▶ [Work to be completed]: Reproduce the records that follow without alteration, apart from removing the pictures.

[Records excerpted from a collection]
════

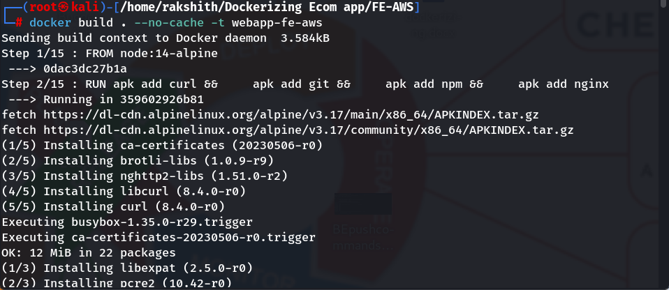 3) Open terminal from the folder where the updated Dokerfile is present and create Docker image for FE
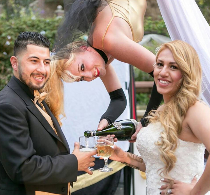 Bietet ein luxuriöses interaktives Getränkeerlebnis zwischen Ihren Gästen und einer glamourösen Luftakrobatin
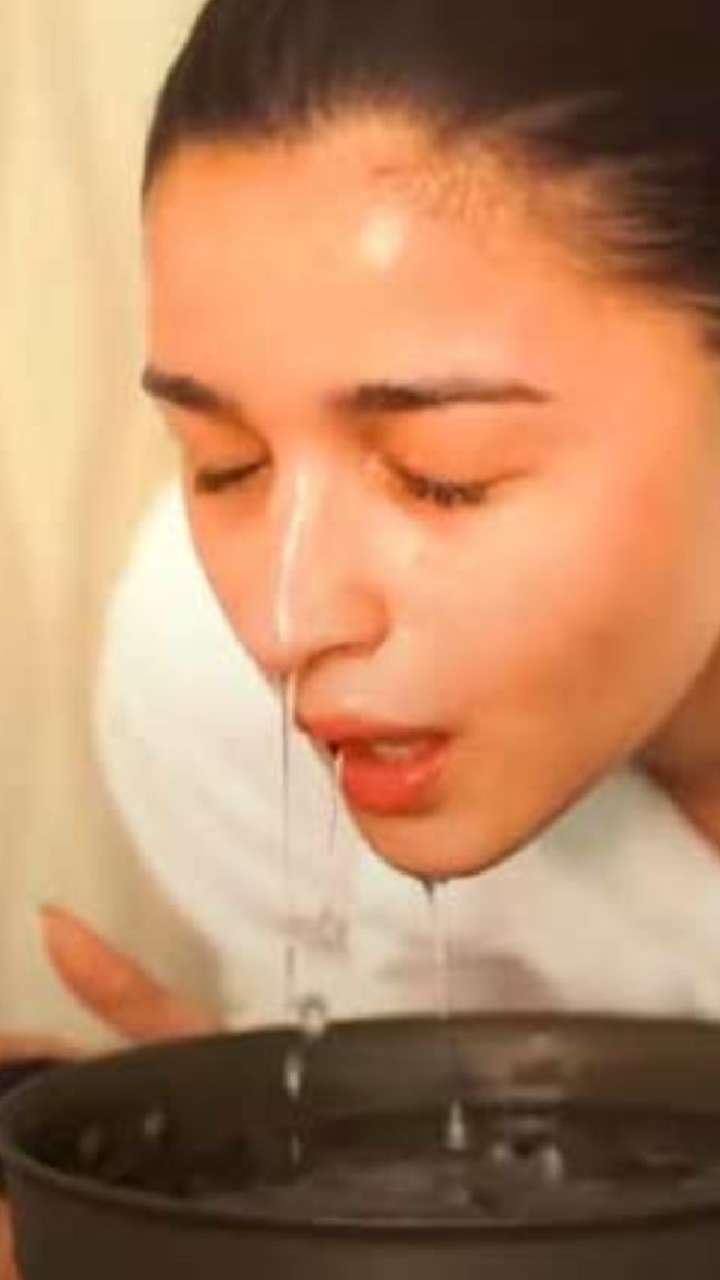 After washing her face with her favourite cleansing balm, Alia Bhatt takes a bowl of water and fills it with ice cubes.
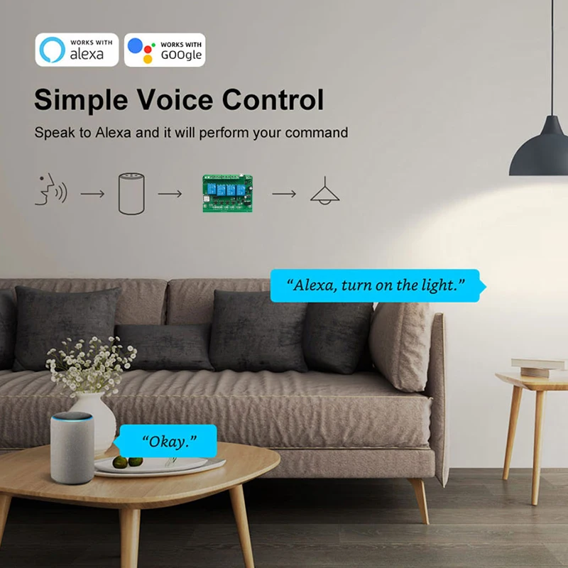 【Управление приложением 】Вы можете управлять подключенной бытовой техникой в приложении eWeLink в любом месте и в любое время. Например светильник, электрический чайник, электрическая рисоварка, электрическая занавеска и т. д.【 Управление RF433 】 модуль Wi-Fi поддерживает частоту RF433, и вы можете управлять модулем Wi-Fi с помощью пульта дистанционного управления RF433 МГц.【 2,4 ГГц Wi-Fi управление 】Вы можете управлять модулем в вашем смартфоне с помощью Wi-Fi 2,4 ГГц【Управление мобильной сетей】Как только вы добавите устройство в приложение через Wi-Fi 2,4 ГГц, вы сможете управлять устройством в своем смартфоне с помощью мобильной сети 2G/3G/4G.(Примечание: роутер должен быть онлайн, а модуль Wi-Fi должен находиться на близком расстоянии от маршрутизатора)【Голосовое управление 】Совместим с Alexa и Google Assistant, вы можете использовать Голосовое управление для включения/выключения подключаемой бытовой техники.[Контроль поделиться]Одним устройством можно управлять с помощью нескольких телефонов, вы можете поделиться модулем Wi-Fi с вашей семьей【Групповой контроль 】Одним телефоном можно управлять несколькими интеллектуальными устройствами. Вы можете добавить модуль Wi-Fi и другое интеллектуальное устройство в группе, и тогда все интеллектуальные устройства будут автоматически включаться/выключаться в специальное время.
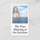 El diseño frontal muestra la hermosa imagen del Sagrado Corazón de Jesús en un borde oval sobre un arco iris sobre las aguas. Las palabras "El verdadero significado del arcoiris" se muestran debajo de la imagen. Al revés aparecen las palabras de Nuestro Señor en el significado del arco iris como Su pacto con el mundo. Dios prometió que el arco iris es la señal de Su promesa de que nunca más destruirá toda la tierra con una inundación. El arcoiris no tiene NADA que ver con el pecado. Nunca hay tiempo para estar orgullosos de nuestros pecados. Todo lo que va en contra de la voluntad de Dios es pecador. Por lo tanto, recuperemos el arco iris y promovamos su verdadero significado, establecido por Dios. ¡Usa estas tarjetas para ayudar a difundir su promesa!
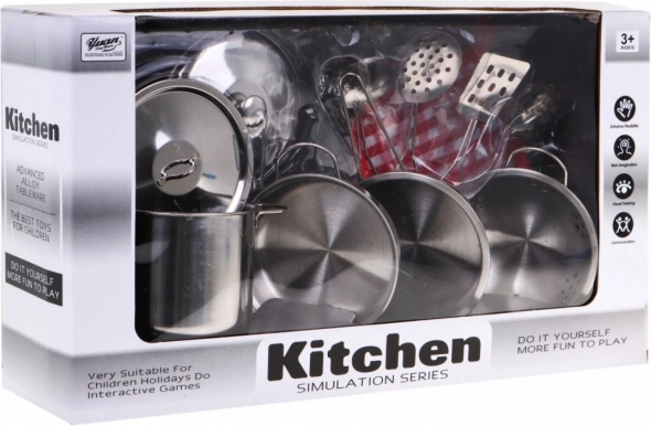 Tato kvalitní sada z nerezové oceli přináší dětem autentický kuchařský zážitek v bezpečné, miniaturní velikosti. Děti mohou „vařit“ jako dospělí, servírovat a zkoušet nové recepty při hře na domácnost. Realistické tvary a lesklé provedení podněcují fantazii a rozvíjejí jemnou motoriku.
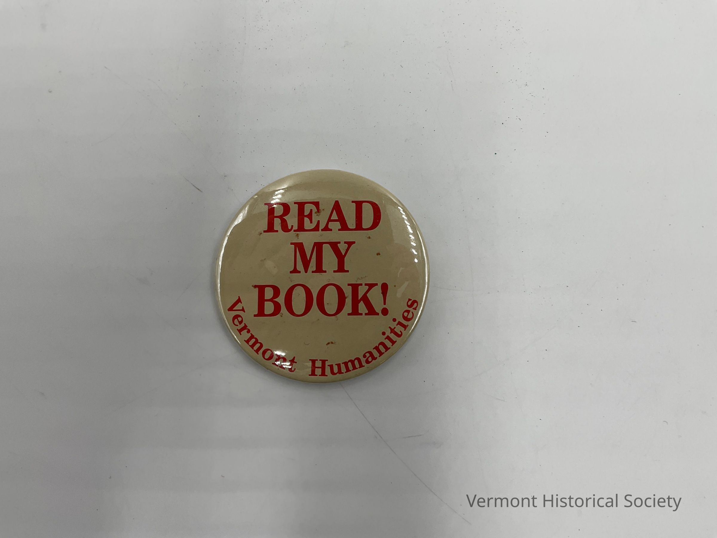 Large white pin with red lettering that says, "Read My Book! Vermont Humanities."Context
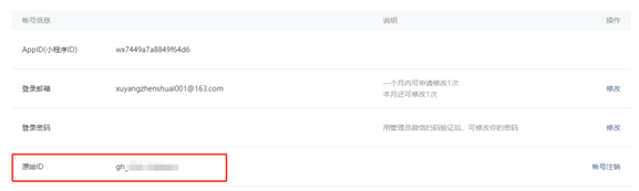微信小程序原始ID:进入微信公众平台,点击设置,下拉页面,找到账号信息,即可看到小程序的原始ID。
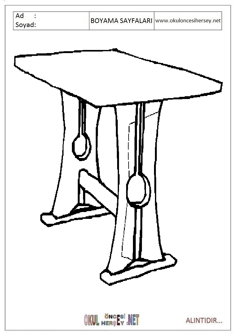 masa sandalye boyama sayfalari
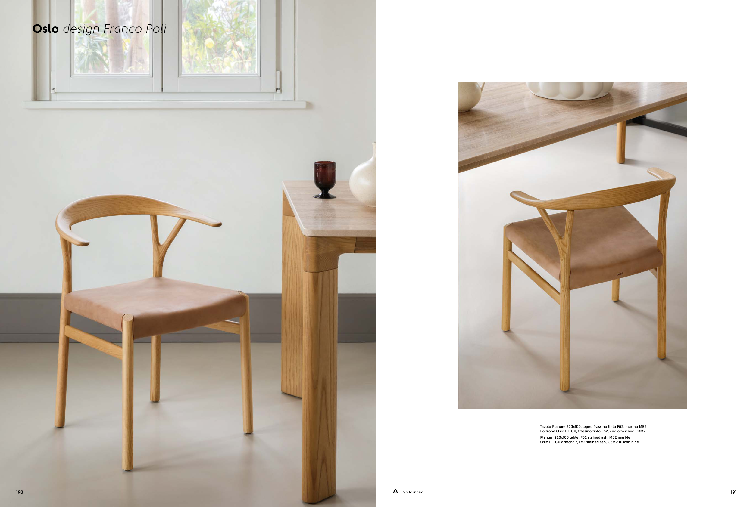 Oslo P L CU armchair, F52 stained ash, C3M2 tuscan hide
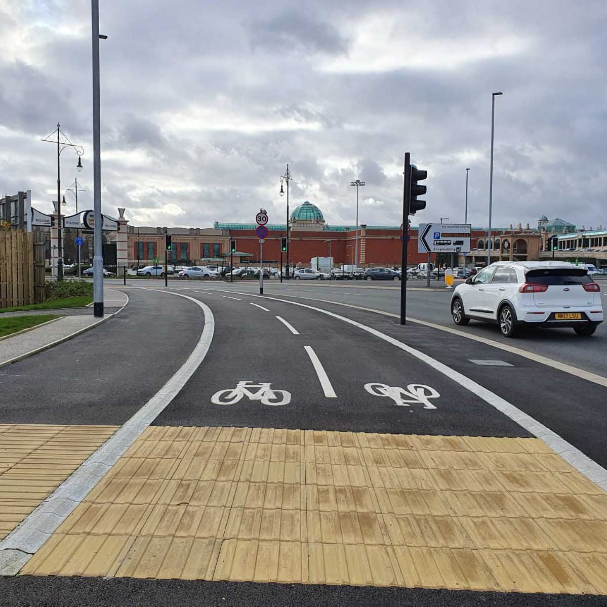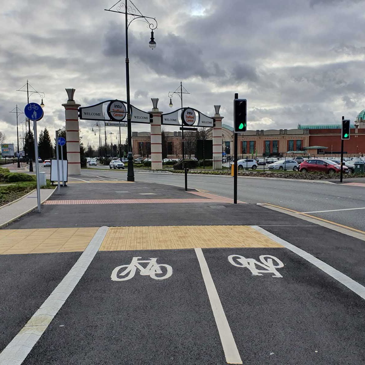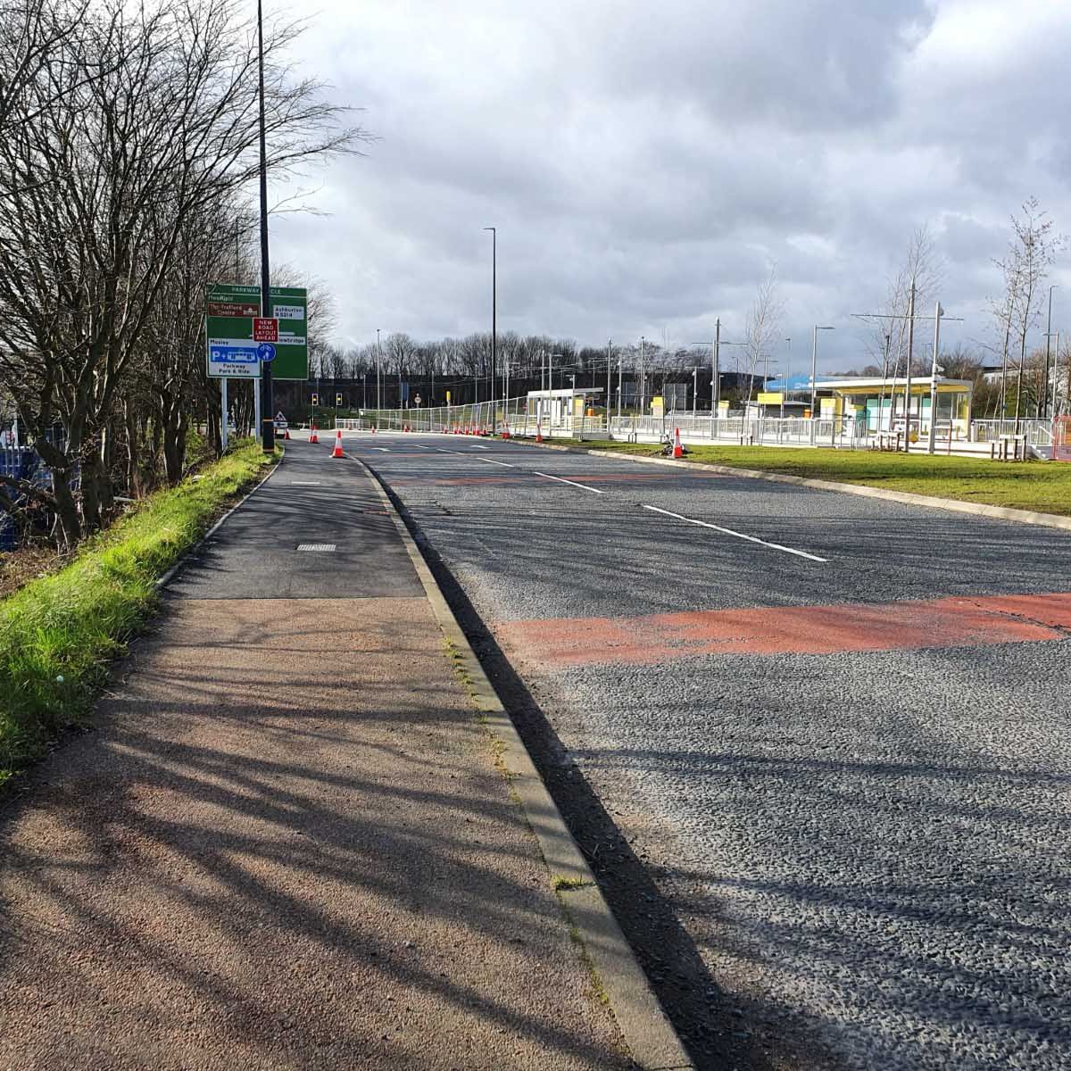 Crossing the road onto the eastbound side, things are a little more mixed. It starts with the existing cycleway, which has been resurfaced. Reaching Bright Circle, you hit the very real obstacle of crossing the turning for Asda and Costco. The combination of informal crossings and lots of speeding traffic makes this a frustrating and dangerous place to cross, either on foot or bike.

════

▶ [Solved problem]:
 3) Open terminal from the folder where the updated Dokerfile is present and create Docker image for FE
 Bietet ein luxuriöses interaktives Getränkeerlebnis zwischen Ihren Gästen und einer glamourösen Luftakrobatin
 After washing her face with her favourite cleansing balm, Alia Bhatt takes a bowl of water and fills it with ice cubes.
 【Управление приложением 】Вы можете управлять подключенной бытовой техникой в приложении eWeLink в любом месте и в любое время. Например светильник, электрический чайник, электрическая рисоварка, электрическая занавеска и т. д.【 Управление RF433 】 модуль Wi-Fi поддерживает частоту RF433, и вы можете управлять модулем Wi-Fi с помощью пульта дистанционного управления RF433 МГц.【 2,4 ГГц Wi-Fi управление 】Вы можете управлять модулем в вашем смартфоне с помощью Wi-Fi 2,4 ГГц【Управление мобильной сетей】Как только вы добавите устройство в приложение через Wi-Fi 2,4 ГГц, вы сможете управлять устройством в своем смартфоне с помощью мобильной сети 2G/3G/4G.(Примечание: роутер должен быть онлайн, а модуль Wi-Fi должен находиться на близком расстоянии от маршрутизатора)【Голосовое управление 】Совместим с Alexa и Google Assistant, вы можете использовать Голосовое управление для включения/выключения подключаемой бытовой техники.[Контроль поделиться]Одним устройством можно управлять с помощью нескольких телефонов, вы можете поделиться модулем Wi-Fi с вашей семьей【Групповой контроль 】Одним телефоном можно управлять несколькими интеллектуальными устройствами. Вы можете добавить модуль Wi-Fi и другое интеллектуальное устройство в группе, и тогда все интеллектуальные устройства будут автоматически включаться/выключаться в специальное время.
 El diseño frontal muestra la hermosa imagen del Sagrado Corazón de Jesús en un borde oval sobre un arco iris sobre las aguas. Las palabras "El verdadero significado del arcoiris" se muestran debajo de la imagen. Al revés aparecen las palabras de Nuestro Señor en el significado del arco iris como Su pacto con el mundo. Dios prometió que el arco iris es la señal de Su promesa de que nunca más destruirá toda la tierra con una inundación. El arcoiris no tiene NADA que ver con el pecado. Nunca hay tiempo para estar orgullosos de nuestros pecados. Todo lo que va en contra de la voluntad de Dios es pecador. Por lo tanto, recuperemos el arco iris y promovamos su verdadero significado, establecido por Dios. ¡Usa estas tarjetas para ayudar a difundir su promesa!
 Tato kvalitní sada z nerezové oceli přináší dětem autentický kuchařský zážitek v bezpečné, miniaturní velikosti. Děti mohou „vařit“ jako dospělí, servírovat a zkoušet nové recepty při hře na domácnost. Realistické tvary a lesklé provedení podněcují fantazii a rozvíjejí jemnou motoriku.
 Large white pin with red lettering that says, "Read My Book! Vermont Humanities."Context
微信小程序原始ID:进入微信公众平台,点击设置,下拉页面,找到账号信息,即可看到小程序的原始ID。
 masa sandalye boyama sayfalari
 Oslo P L CU armchair, F52 stained ash, C3M2 tuscan hide
 Crossing the road onto the eastbound side, things are a little more mixed. It starts with the existing cycleway, which has been resurfaced. Reaching Bright Circle, you hit the very real obstacle of crossing the turning for Asda and Costco. The combination of informal crossings and lots of speeding traffic makes this a frustrating and dangerous place to cross, either on foot or bike.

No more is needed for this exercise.